For the records below, output each line exactly as it appears, from the first through the line with "Predsednik Republike Srbije".

(Data under study)

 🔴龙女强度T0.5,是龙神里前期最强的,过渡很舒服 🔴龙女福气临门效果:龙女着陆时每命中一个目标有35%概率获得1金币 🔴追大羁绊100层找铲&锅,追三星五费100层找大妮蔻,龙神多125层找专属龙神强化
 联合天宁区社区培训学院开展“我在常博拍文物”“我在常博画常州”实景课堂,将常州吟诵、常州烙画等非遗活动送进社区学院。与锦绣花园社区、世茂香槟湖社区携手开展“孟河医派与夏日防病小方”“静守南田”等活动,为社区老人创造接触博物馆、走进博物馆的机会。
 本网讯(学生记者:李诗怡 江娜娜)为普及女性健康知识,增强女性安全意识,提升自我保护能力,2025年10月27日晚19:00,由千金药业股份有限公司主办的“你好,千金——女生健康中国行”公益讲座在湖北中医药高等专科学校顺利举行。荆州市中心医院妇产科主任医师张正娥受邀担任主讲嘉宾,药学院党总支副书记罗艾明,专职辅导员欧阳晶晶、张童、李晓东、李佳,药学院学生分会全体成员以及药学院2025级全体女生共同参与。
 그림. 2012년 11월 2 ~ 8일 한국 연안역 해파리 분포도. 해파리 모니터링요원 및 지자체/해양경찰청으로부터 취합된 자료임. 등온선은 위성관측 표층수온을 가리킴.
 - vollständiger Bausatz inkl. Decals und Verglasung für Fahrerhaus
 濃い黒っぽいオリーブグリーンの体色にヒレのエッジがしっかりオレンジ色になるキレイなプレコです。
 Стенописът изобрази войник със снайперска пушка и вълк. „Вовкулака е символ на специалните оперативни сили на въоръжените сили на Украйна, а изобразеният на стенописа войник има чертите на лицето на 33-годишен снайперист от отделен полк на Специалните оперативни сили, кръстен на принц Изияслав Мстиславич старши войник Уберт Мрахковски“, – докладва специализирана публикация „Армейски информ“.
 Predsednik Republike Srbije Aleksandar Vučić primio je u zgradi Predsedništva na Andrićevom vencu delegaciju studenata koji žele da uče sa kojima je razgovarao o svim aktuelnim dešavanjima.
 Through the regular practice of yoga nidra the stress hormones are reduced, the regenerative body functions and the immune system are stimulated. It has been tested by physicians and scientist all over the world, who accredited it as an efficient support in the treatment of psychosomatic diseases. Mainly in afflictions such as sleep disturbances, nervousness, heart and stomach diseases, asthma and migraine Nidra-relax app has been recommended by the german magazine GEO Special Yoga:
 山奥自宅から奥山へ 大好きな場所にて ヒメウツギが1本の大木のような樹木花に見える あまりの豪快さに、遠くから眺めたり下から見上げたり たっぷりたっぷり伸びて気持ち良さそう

(End Data under study)

• [Answer space]
 🔴龙女强度T0.5,是龙神里前期最强的,过渡很舒服 🔴龙女福气临门效果:龙女着陆时每命中一个目标有35%概率获得1金币 🔴追大羁绊100层找铲&锅,追三星五费100层找大妮蔻,龙神多125层找专属龙神强化
 联合天宁区社区培训学院开展“我在常博拍文物”“我在常博画常州”实景课堂,将常州吟诵、常州烙画等非遗活动送进社区学院。与锦绣花园社区、世茂香槟湖社区携手开展“孟河医派与夏日防病小方”“静守南田”等活动,为社区老人创造接触博物馆、走进博物馆的机会。
 本网讯(学生记者:李诗怡 江娜娜)为普及女性健康知识,增强女性安全意识,提升自我保护能力,2025年10月27日晚19:00,由千金药业股份有限公司主办的“你好,千金——女生健康中国行”公益讲座在湖北中医药高等专科学校顺利举行。荆州市中心医院妇产科主任医师张正娥受邀担任主讲嘉宾,药学院党总支副书记罗艾明,专职辅导员欧阳晶晶、张童、李晓东、李佳,药学院学生分会全体成员以及药学院2025级全体女生共同参与。
 그림. 2012년 11월 2 ~ 8일 한국 연안역 해파리 분포도. 해파리 모니터링요원 및 지자체/해양경찰청으로부터 취합된 자료임. 등온선은 위성관측 표층수온을 가리킴.
 - vollständiger Bausatz inkl. Decals und Verglasung für Fahrerhaus
 濃い黒っぽいオリーブグリーンの体色にヒレのエッジがしっかりオレンジ色になるキレイなプレコです。
 Стенописът изобрази войник със снайперска пушка и вълк. „Вовкулака е символ на специалните оперативни сили на въоръжените сили на Украйна, а изобразеният на стенописа войник има чертите на лицето на 33-годишен снайперист от отделен полк на Специалните оперативни сили, кръстен на принц Изияслав Мстиславич старши войник Уберт Мрахковски“, – докладва специализирана публикация „Армейски информ“.
 Predsednik Republike Srbije Aleksandar Vučić primio je u zgradi Predsedništva na Andrićevom vencu delegaciju studenata koji žele da uče sa kojima je razgovarao o svim aktuelnim dešavanjima.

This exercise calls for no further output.